Activity
From the material below, return exactly the lines starting at the one that holds "남성의 더블브레스트(옷섶을 깊게" and ending at the one that holds "Ισχυρή σεισμική δόνηση". Pictures stay out of the answer.

*** Records supplied Section Begins ***

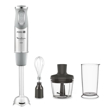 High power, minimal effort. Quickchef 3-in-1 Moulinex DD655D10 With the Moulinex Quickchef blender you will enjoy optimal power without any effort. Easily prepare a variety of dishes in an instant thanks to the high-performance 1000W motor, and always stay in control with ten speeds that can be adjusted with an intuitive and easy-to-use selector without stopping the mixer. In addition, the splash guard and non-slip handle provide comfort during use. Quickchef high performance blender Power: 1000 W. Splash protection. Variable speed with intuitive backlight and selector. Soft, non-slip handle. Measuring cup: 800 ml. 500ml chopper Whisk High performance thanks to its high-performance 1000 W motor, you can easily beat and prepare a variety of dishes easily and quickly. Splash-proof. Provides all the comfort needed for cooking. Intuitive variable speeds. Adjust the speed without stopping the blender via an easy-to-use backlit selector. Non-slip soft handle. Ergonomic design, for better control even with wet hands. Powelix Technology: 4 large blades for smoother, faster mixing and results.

*** Records supplied Section Ends ***
*** Records supplied Section Begins ***

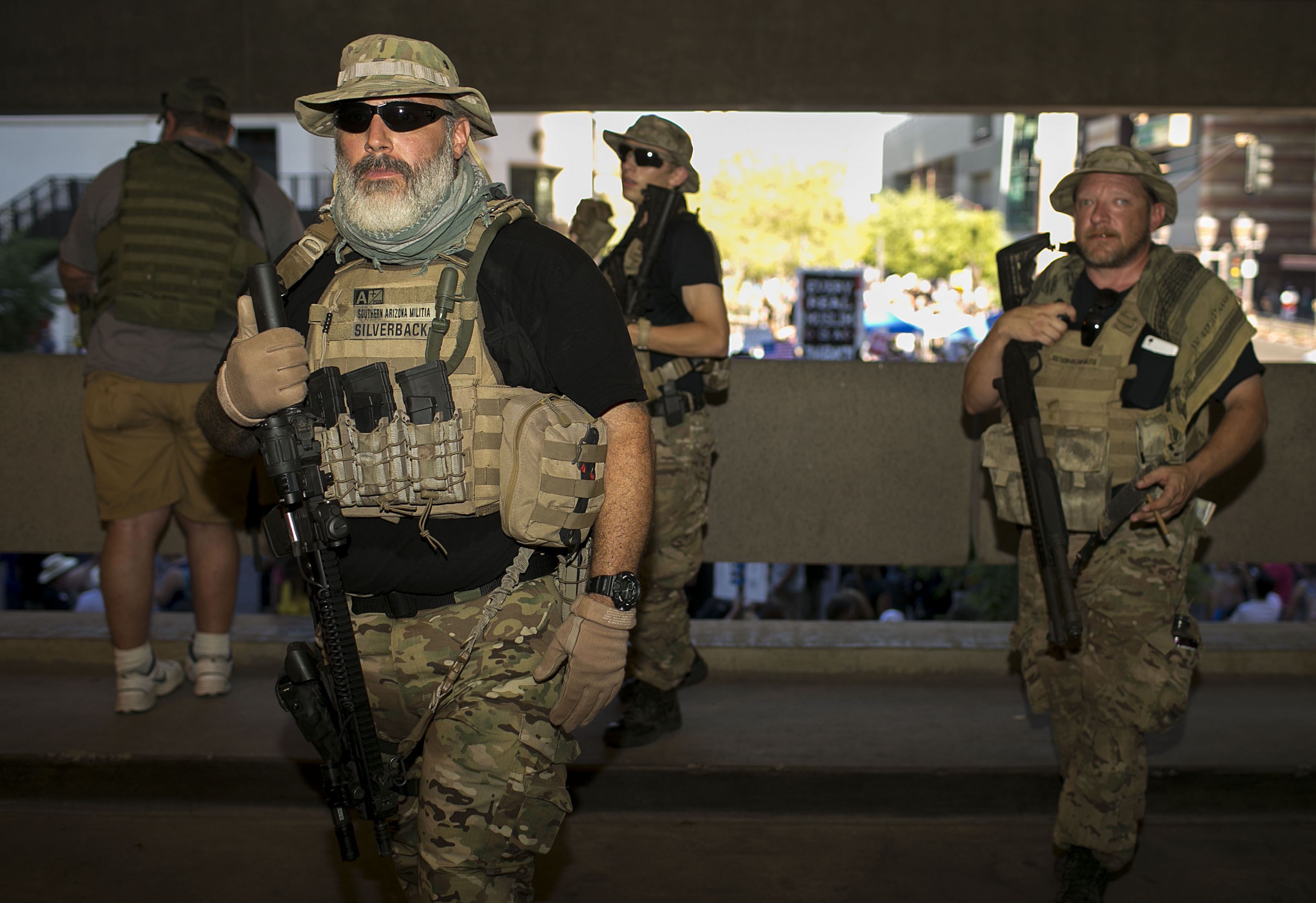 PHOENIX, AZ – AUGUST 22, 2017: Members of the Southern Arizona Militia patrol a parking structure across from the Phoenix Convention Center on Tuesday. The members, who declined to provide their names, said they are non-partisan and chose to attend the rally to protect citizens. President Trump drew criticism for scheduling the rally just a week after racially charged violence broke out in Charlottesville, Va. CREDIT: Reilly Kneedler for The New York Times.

*** Records supplied Section Ends ***
*** Records supplied Section Begins ***

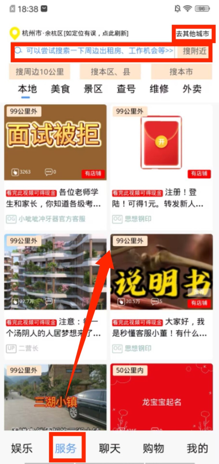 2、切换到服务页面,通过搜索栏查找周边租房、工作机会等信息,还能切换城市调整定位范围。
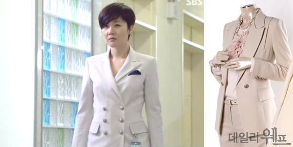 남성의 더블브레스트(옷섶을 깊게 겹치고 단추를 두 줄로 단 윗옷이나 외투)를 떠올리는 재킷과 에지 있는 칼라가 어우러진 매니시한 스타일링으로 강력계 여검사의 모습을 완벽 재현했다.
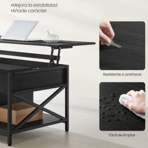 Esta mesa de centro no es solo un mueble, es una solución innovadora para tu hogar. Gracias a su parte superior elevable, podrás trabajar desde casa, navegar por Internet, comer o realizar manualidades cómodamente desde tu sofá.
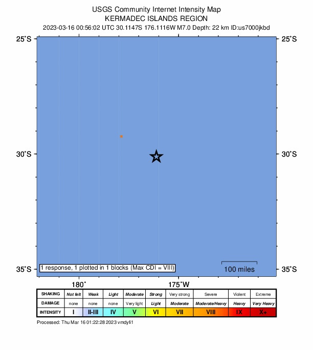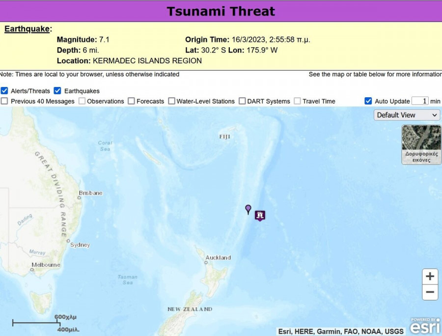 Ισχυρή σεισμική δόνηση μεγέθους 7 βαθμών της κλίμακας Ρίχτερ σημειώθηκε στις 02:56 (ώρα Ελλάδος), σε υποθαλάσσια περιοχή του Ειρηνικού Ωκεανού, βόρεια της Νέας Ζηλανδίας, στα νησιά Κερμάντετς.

*** Records supplied Section Ends ***

Exercise output
 남성의 더블브레스트(옷섶을 깊게 겹치고 단추를 두 줄로 단 윗옷이나 외투)를 떠올리는 재킷과 에지 있는 칼라가 어우러진 매니시한 스타일링으로 강력계 여검사의 모습을 완벽 재현했다.
 Esta mesa de centro no es solo un mueble, es una solución innovadora para tu hogar. Gracias a su parte superior elevable, podrás trabajar desde casa, navegar por Internet, comer o realizar manualidades cómodamente desde tu sofá.
 Ισχυρή σεισμική δόνηση μεγέθους 7 βαθμών της κλίμακας Ρίχτερ σημειώθηκε στις 02:56 (ώρα Ελλάδος), σε υποθαλάσσια περιοχή του Ειρηνικού Ωκεανού, βόρεια της Νέας Ζηλανδίας, στα νησιά Κερμάντετς.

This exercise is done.